There are many debates about CCM (defined as a genre of music with a pop or rock sound and lyrics that are related to the Christian faith). The argument for it is that, since today's youngsters adore pop and rock (my hero didn't - another abnormality on his part), the way to get them into church is by incorporating that genre with the substitution of vaguely Christian lyrics, often complete with light effects, smoke machines and suggestive guitarist postures. Although our group eschews the bling and glitter, we do encompass some of their songs and sometimes either the lyrics or accompaniment is whacky enough that I cannot join in. And why does the drum kit have to pound away at my tinnitus ridden ears through the majority of the songs we sing? In the musical forms I am more at home with, as a general rule percussion is used for special effect rather more than monotony.
Stock photo |
Ali and I once went to a "modern" Charismatic church with the whole works: light shows, smoke, the works, audience in darkness, musicians prancing around on the stage. A performance rather more than congregational participation. Actually I rather enjoyed it, trying to figure out how they achieved the various effects and immersing myself in the changing colours. But it wasn't what I consider praise or worship. But then I've also attended meetings in a Kenyan village, PA system distorted at full volume, African beat and gyrations - and that wasn't worship either IMHO. Which suggests that the fault here lies with me - for the LORD sees not as man sees: man looks on the outward appearance, but the LORD looks on the heart.
Prompted by a remark my son made I have been reading Dorothy Sayers' Gaudy Night which is set in the Oxford both she and I loved. She makes an interesting comment on "genuine music" which concurs with my own experience: He was wrapt in the motionless austerity with which all genuine musicians listen to genuine music. Harriet was musician enough to respect this aloofness; she knew well enough that the ecstatic rapture on the face of the man opposite meant only that he was hoping to be thought musical, and that the elderly lady over the way, waving her fingers to the beat, was a musical moron. She knew enough, herself, to read the sounds a little with her brains, laboriously unwinding the twined chains of melody link by link. Peter, she felt sure, could hear the whole intricate pattern, every part separately and simultaneously, each independent and equal, separate but inseparable, moving over and under and through, ravishing heart and mind together. I position myself on this spectrum somewhere between Harriot and Lord Peter - I'd like to say that I was closer to the latter but it would not be true. But, like a good fruit cake, I know something I like when I hear it.

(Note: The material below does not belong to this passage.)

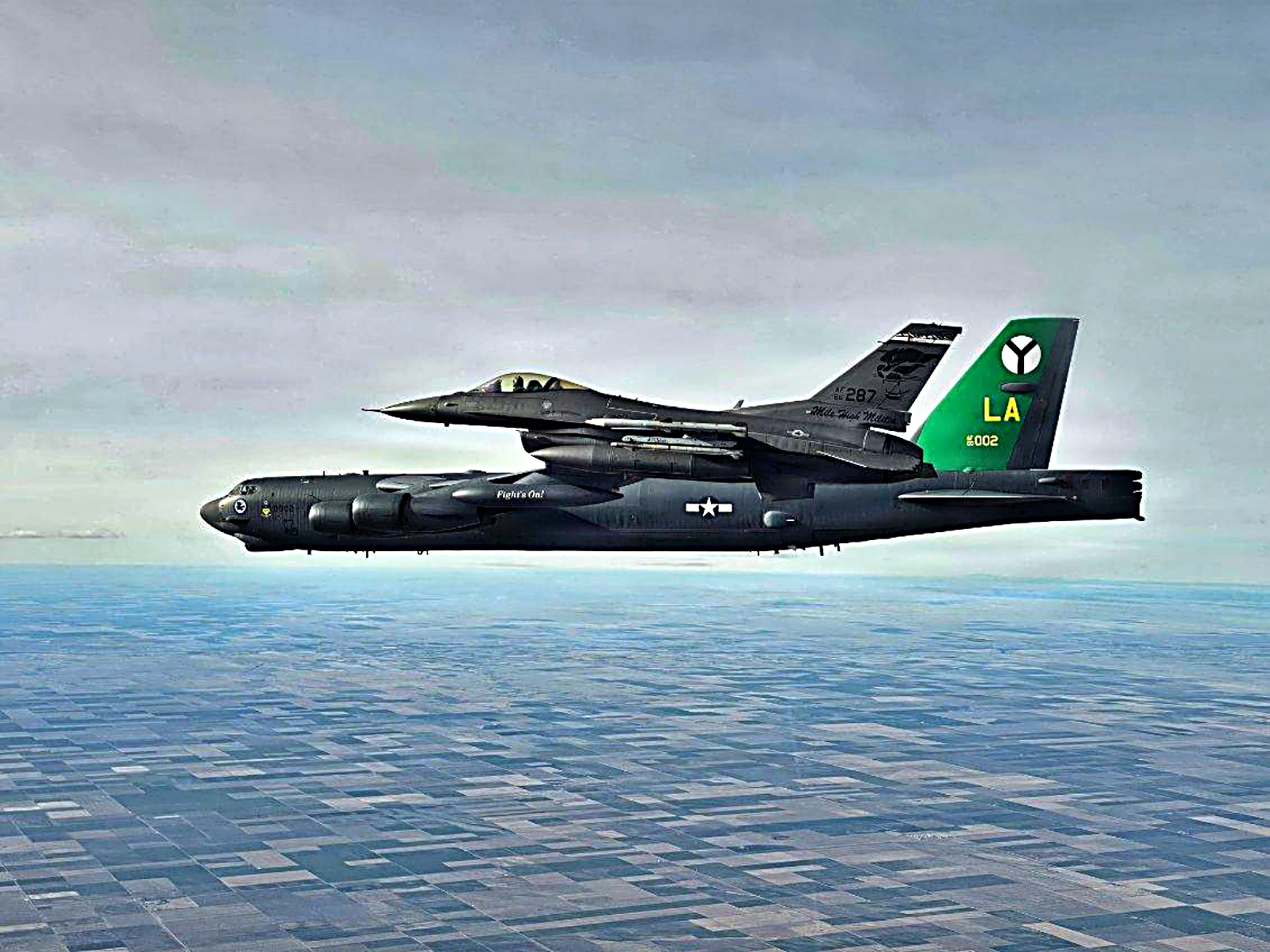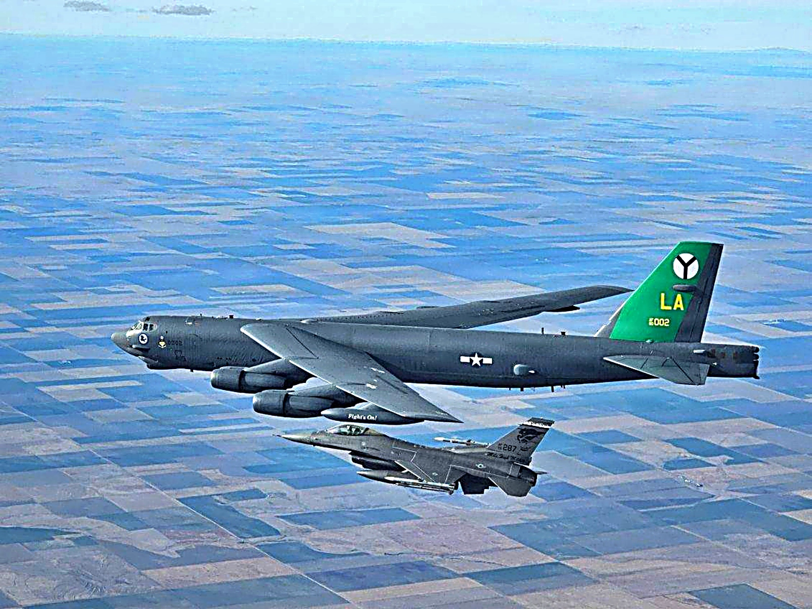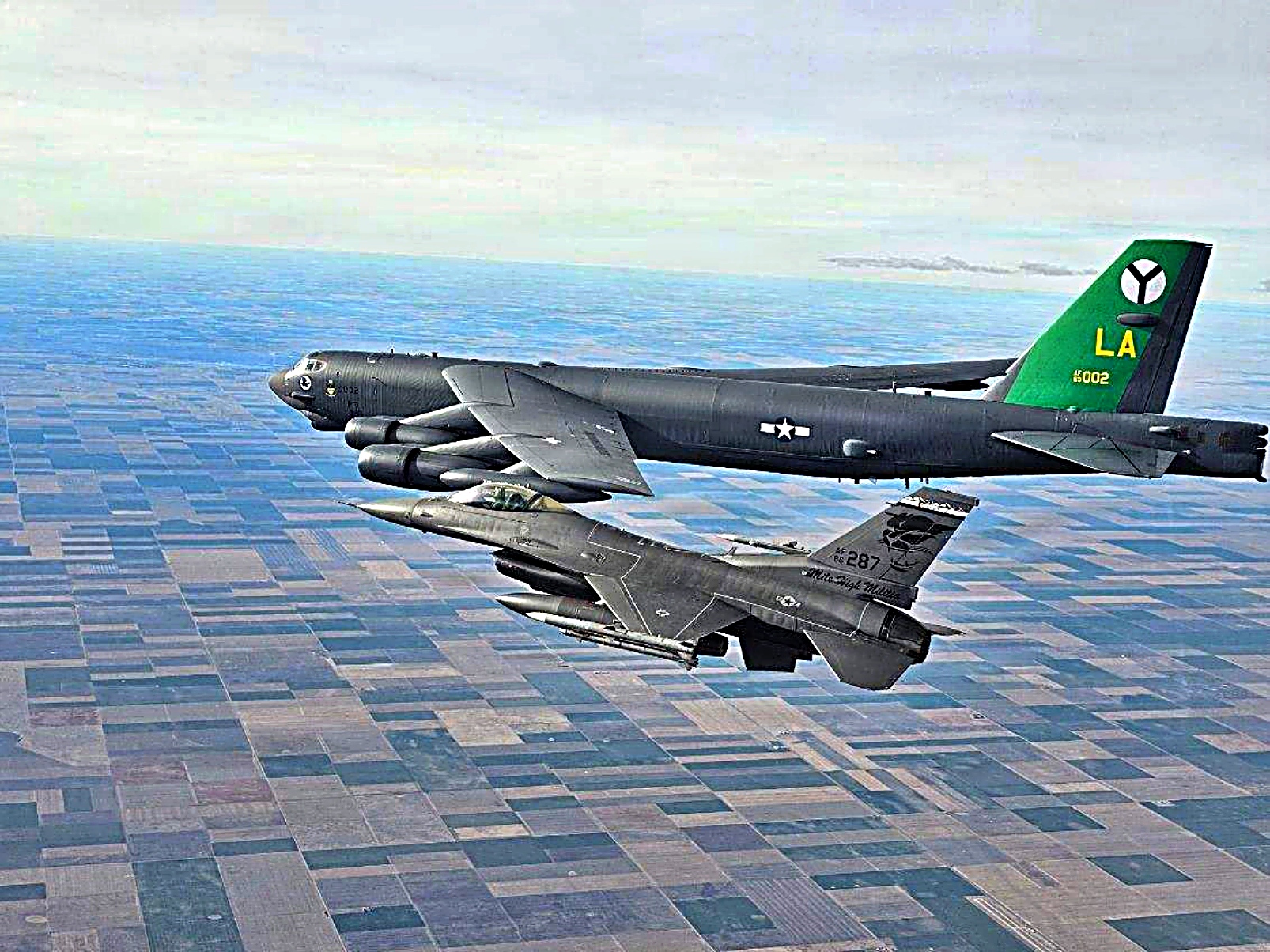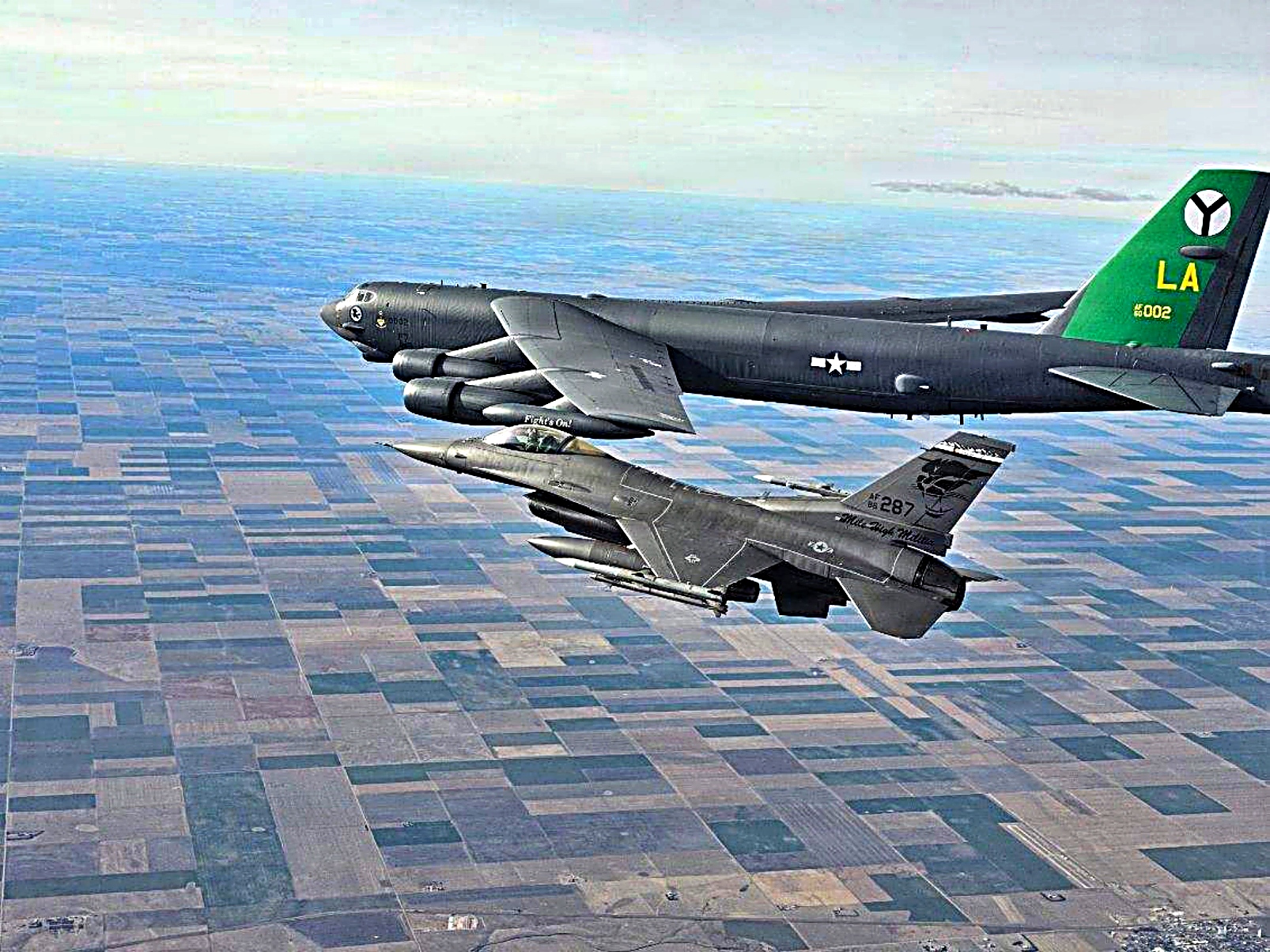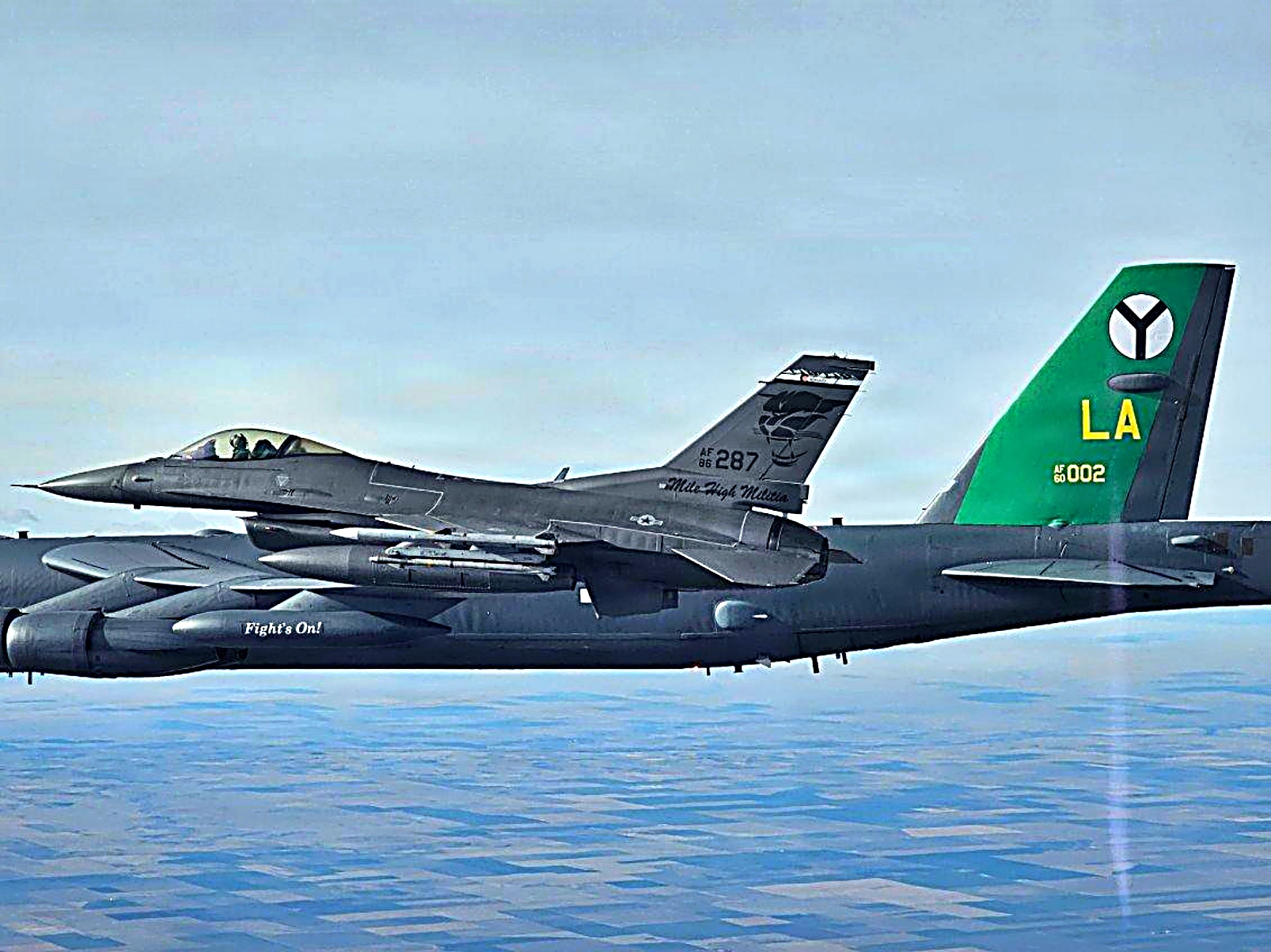 2026년 2월 24일, Global Guardian 작전의 일환으로 콜로라도 주 방위군 제120전투비행단 소속 북미항공우주방위사령부(NORAD) F-16C 전투기가 콜로라도 북부 영공에서 미 전략사령부 소속 B-52 폭격기를 요격하고 있다.

C. S. Lewis adds that an excellently performed piece of music, as natural operation which reveals in a very high degree the peculiar powers given to man, will thus always glorify God whatever the intention of the performers may be. But that is a kind of glorifying which we share with the ‘dragons and great deeps’, with the ‘frost and snows’. What is looked for in us, as men, is another kind of glorifying, which depends on intention. Although he didn't think much of them he at least realized that the hymns (which were just sixth-rate music) were, nevertheless, being sung with devotion and benefit by an old saint in elastic-side boots in the opposite pew, and then you realize that you aren’t fit to clean those boots. It gets you out of your solitary conceit.
So, returning to Christian praise, if such a thing as "genuine music" exists objectively (by which I mean is commonly accepted by the majority in at least most Western cultures and upbringings) then one would expect this very best attempt by mankind to be that employed in praising his maker. And of course musical repertoire down through the ages has, to some degree, demonstrated this. Then why do we have something inferior IMHO in modern churches? As I have already argued, is it because of a conception or misconception about modern youth?
So now I have a mental picture of our meeting room with an orchestra out front playing highly polished "genuine" music with the congregation now a choir, instead of the usual guitarist with piano and drums backup on the side. I am not sure if that was what I had in mind...
Cecil Francis Alexander |
I was brought up on hymns and, in children's meetings, CSSM choruses. Many are slushy or nonsense but some are sublime. A high contender in my book is:
Elizabeth Celphane |
the shadow of a mighty rock
within a weary land;
Horatio Stafford |
Whatever my lot, thou hast taught me to say
It is well, it is well, with my soul…
These lyrics are packed with human emotion - is this what I am searching for? When I should be bowing to an all powerful, eternal, changeless creator entity beyond my ken, god yet born in the likeness of men?